> [Provided data]:
***

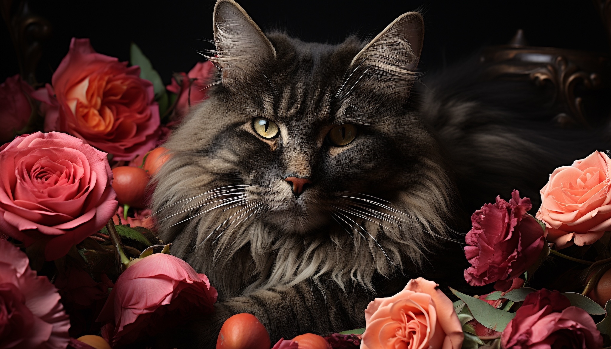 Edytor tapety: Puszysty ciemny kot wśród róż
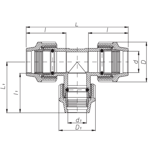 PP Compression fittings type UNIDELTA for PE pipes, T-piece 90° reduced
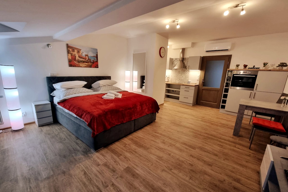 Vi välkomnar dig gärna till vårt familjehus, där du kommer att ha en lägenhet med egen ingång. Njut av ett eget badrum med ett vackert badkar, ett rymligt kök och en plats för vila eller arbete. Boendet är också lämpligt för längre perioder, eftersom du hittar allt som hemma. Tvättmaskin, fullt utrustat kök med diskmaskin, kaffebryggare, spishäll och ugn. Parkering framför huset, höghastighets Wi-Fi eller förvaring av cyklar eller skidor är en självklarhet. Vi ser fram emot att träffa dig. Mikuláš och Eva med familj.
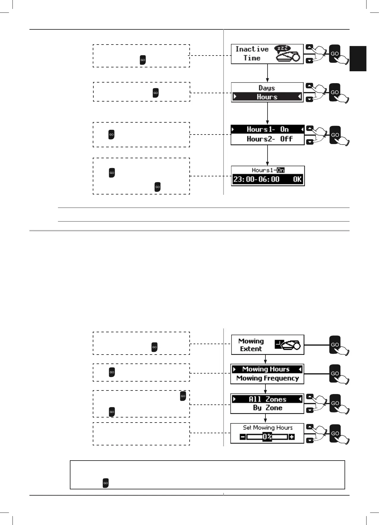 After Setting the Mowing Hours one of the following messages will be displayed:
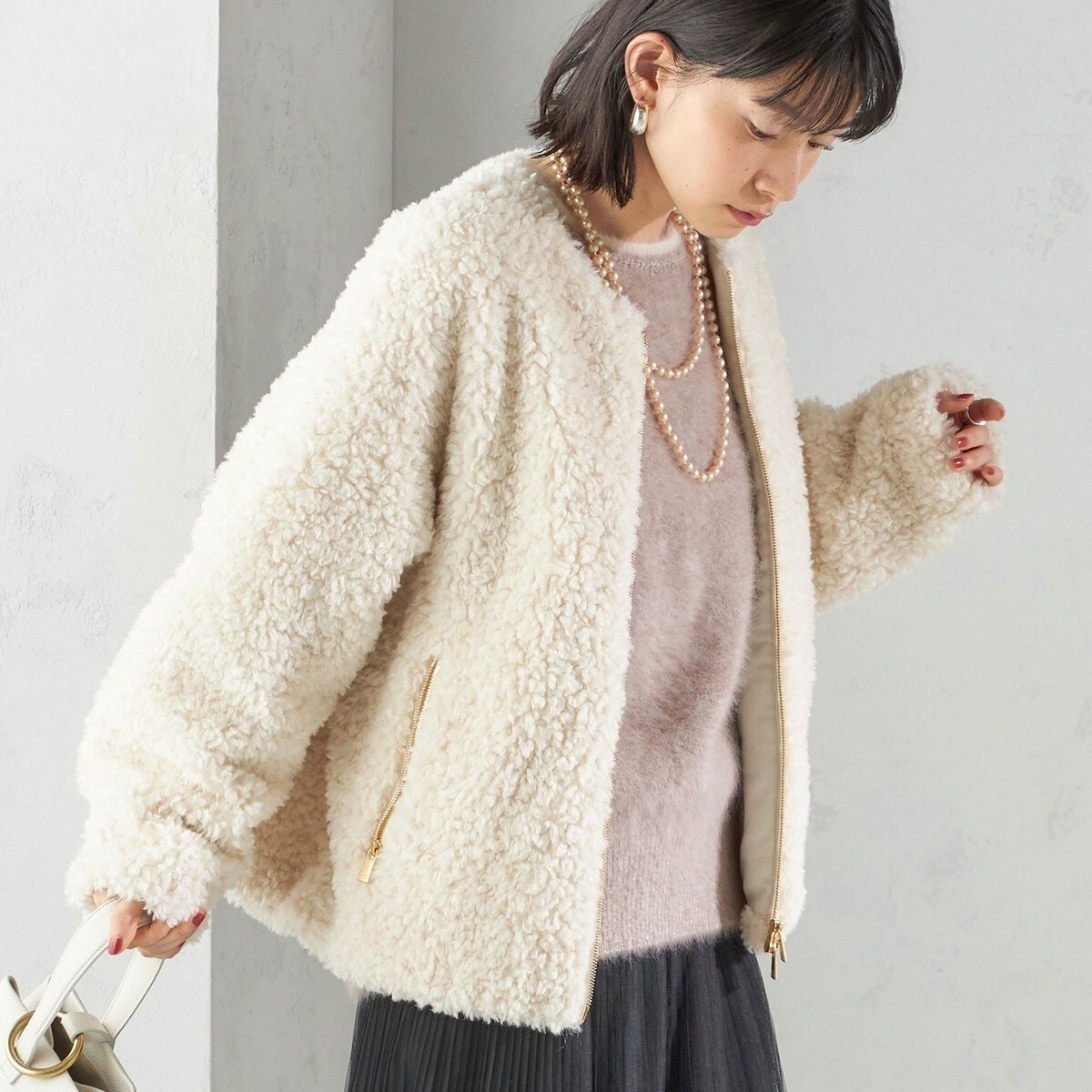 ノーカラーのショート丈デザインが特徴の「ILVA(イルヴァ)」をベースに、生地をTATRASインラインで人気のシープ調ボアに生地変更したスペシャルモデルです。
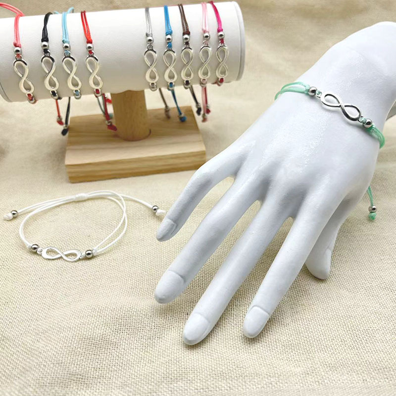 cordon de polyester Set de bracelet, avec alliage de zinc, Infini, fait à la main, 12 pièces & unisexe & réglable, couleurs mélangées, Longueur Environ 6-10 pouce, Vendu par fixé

***

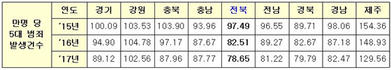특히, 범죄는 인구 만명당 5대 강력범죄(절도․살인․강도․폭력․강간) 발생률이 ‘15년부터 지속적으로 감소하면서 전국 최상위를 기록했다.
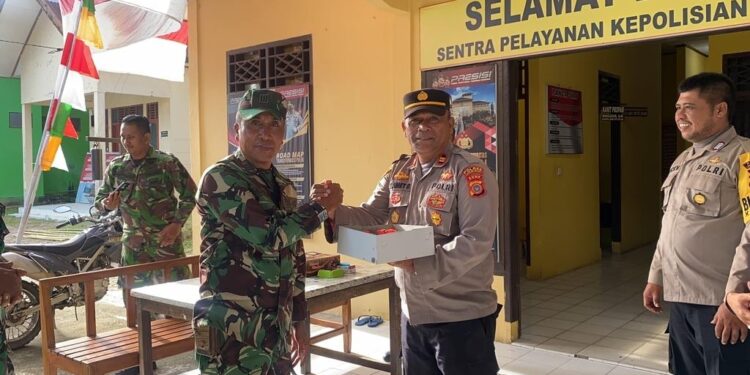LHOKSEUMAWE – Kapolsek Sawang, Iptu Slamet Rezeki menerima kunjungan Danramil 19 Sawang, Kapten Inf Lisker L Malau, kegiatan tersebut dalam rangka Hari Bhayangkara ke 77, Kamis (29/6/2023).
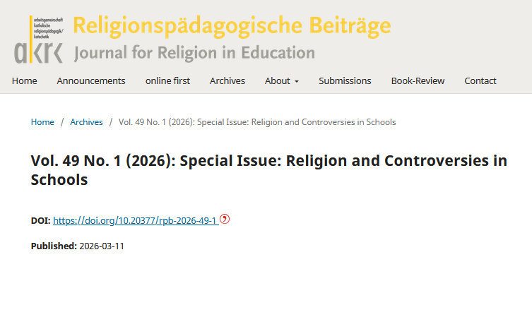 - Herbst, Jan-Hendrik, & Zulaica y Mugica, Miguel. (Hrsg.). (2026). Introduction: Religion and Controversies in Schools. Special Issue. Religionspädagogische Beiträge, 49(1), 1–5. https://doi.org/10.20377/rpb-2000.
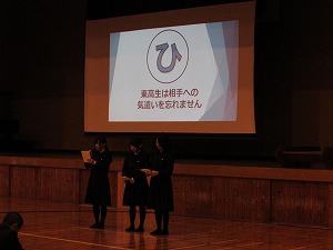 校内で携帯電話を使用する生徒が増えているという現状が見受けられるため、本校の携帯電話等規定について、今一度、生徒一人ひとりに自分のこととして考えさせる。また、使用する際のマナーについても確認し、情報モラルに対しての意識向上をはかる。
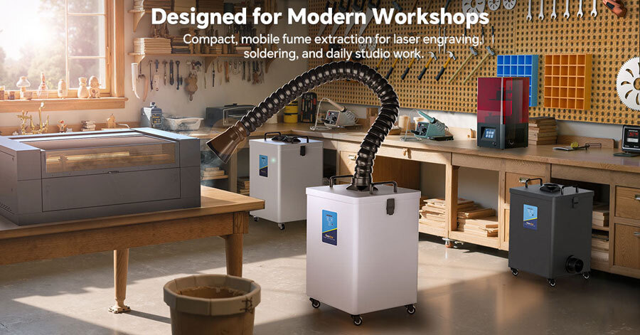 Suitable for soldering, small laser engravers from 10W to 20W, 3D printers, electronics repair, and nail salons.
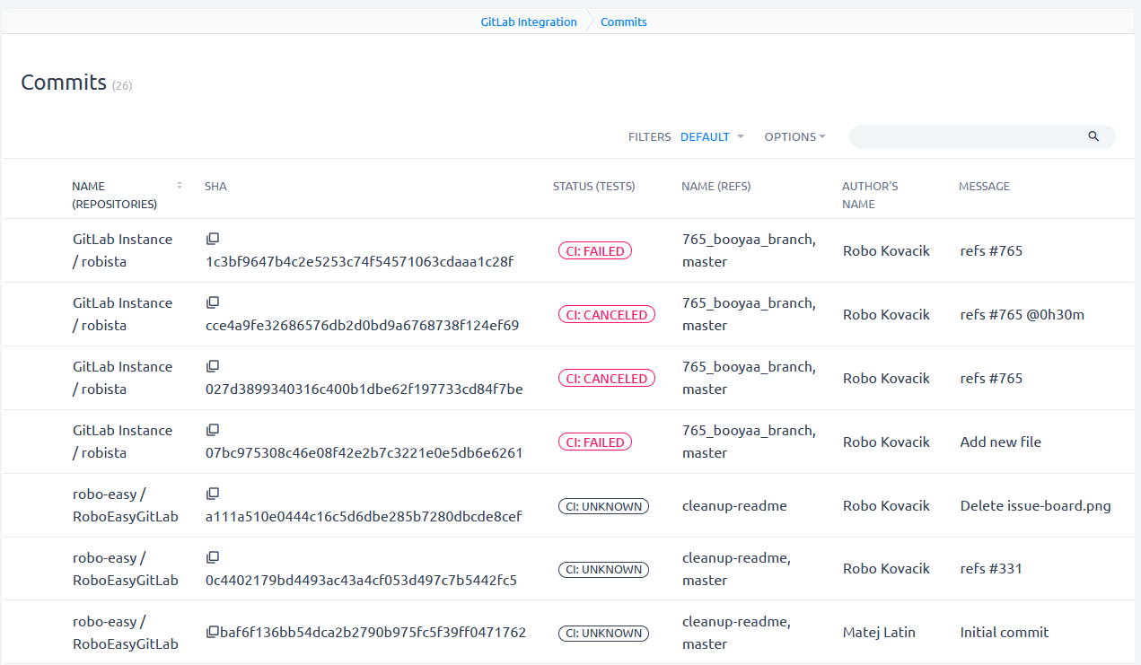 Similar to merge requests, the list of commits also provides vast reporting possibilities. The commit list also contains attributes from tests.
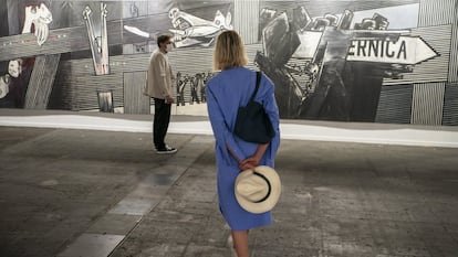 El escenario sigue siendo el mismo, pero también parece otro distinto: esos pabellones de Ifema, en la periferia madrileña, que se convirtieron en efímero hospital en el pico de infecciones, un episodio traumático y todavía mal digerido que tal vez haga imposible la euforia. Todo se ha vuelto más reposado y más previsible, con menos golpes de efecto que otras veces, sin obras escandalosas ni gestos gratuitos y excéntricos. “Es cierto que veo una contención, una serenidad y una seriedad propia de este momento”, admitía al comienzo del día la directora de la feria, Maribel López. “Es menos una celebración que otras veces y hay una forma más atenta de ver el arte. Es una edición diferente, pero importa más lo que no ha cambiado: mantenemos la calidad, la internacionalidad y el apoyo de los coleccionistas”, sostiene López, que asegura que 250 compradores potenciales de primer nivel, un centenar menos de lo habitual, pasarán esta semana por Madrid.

***

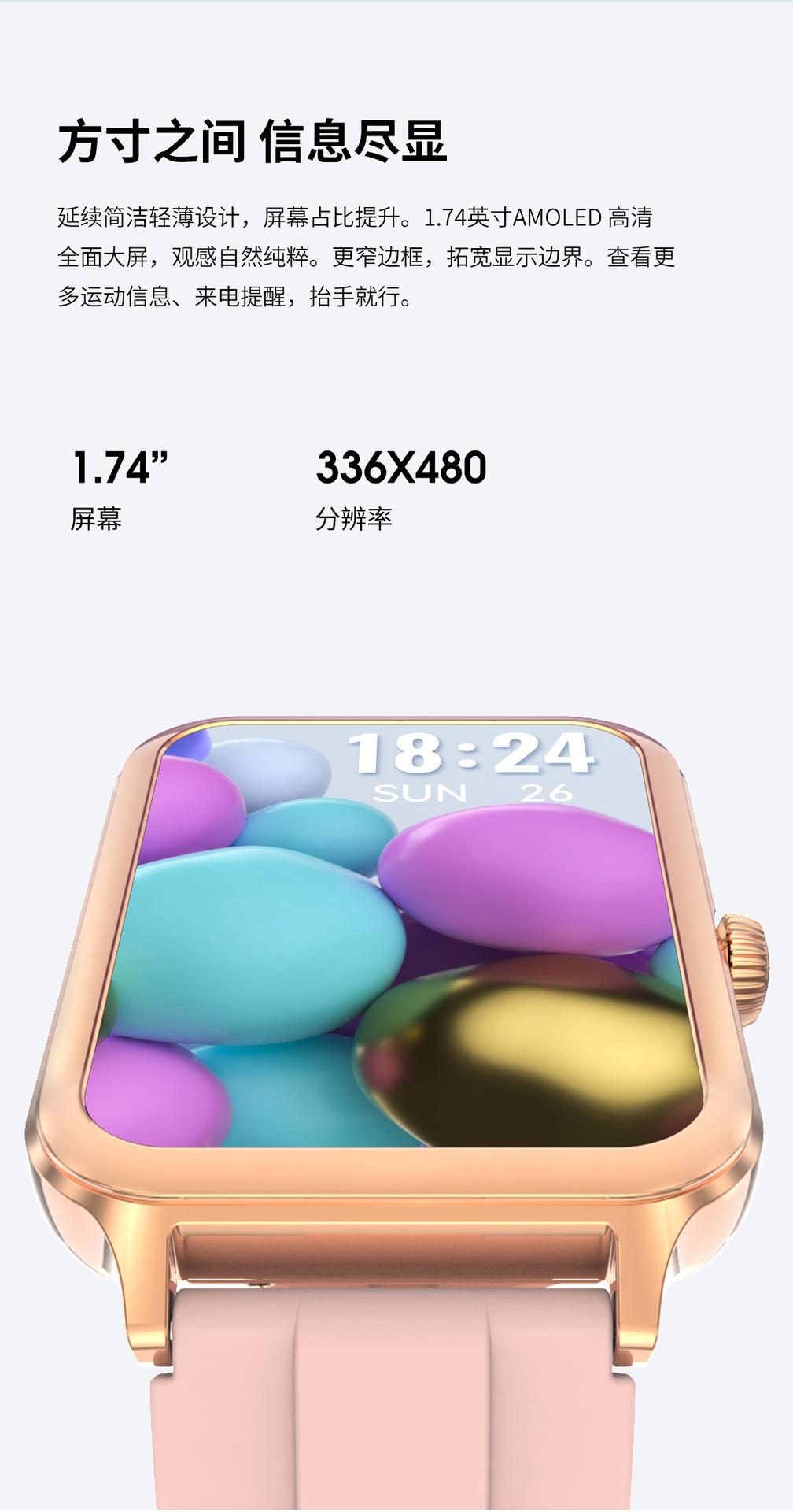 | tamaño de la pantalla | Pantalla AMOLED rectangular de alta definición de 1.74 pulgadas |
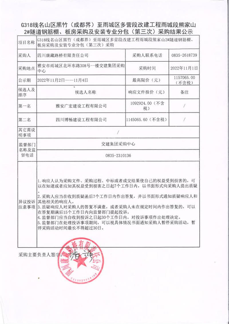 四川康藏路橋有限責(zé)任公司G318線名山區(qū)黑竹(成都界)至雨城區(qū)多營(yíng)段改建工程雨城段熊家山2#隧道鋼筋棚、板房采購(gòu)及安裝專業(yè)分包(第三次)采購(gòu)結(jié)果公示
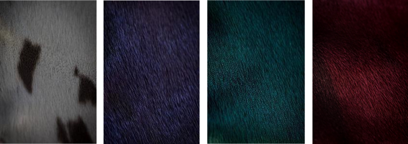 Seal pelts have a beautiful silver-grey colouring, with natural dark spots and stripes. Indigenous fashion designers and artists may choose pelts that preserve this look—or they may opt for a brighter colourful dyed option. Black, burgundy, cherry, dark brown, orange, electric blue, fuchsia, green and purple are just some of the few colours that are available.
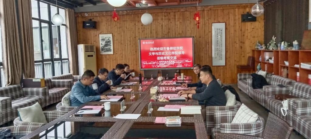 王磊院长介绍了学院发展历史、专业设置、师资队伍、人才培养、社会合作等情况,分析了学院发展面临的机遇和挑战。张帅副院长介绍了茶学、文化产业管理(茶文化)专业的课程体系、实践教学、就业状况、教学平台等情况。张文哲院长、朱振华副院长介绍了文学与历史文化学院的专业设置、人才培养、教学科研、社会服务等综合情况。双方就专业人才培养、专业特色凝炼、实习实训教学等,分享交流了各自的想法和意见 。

***

> [Task instructions]: Give back exactly the lines above from the one with "Edytor tapety: Puszysty ciemny kot wśród róż" through the one with "PP Compression fittings", both included. Pictures don't belong in the copy.

> [Response to this task]:
 Edytor tapety: Puszysty ciemny kot wśród róż
 PP Compression fittings type UNIDELTA for PE pipes, T-piece 90° reduced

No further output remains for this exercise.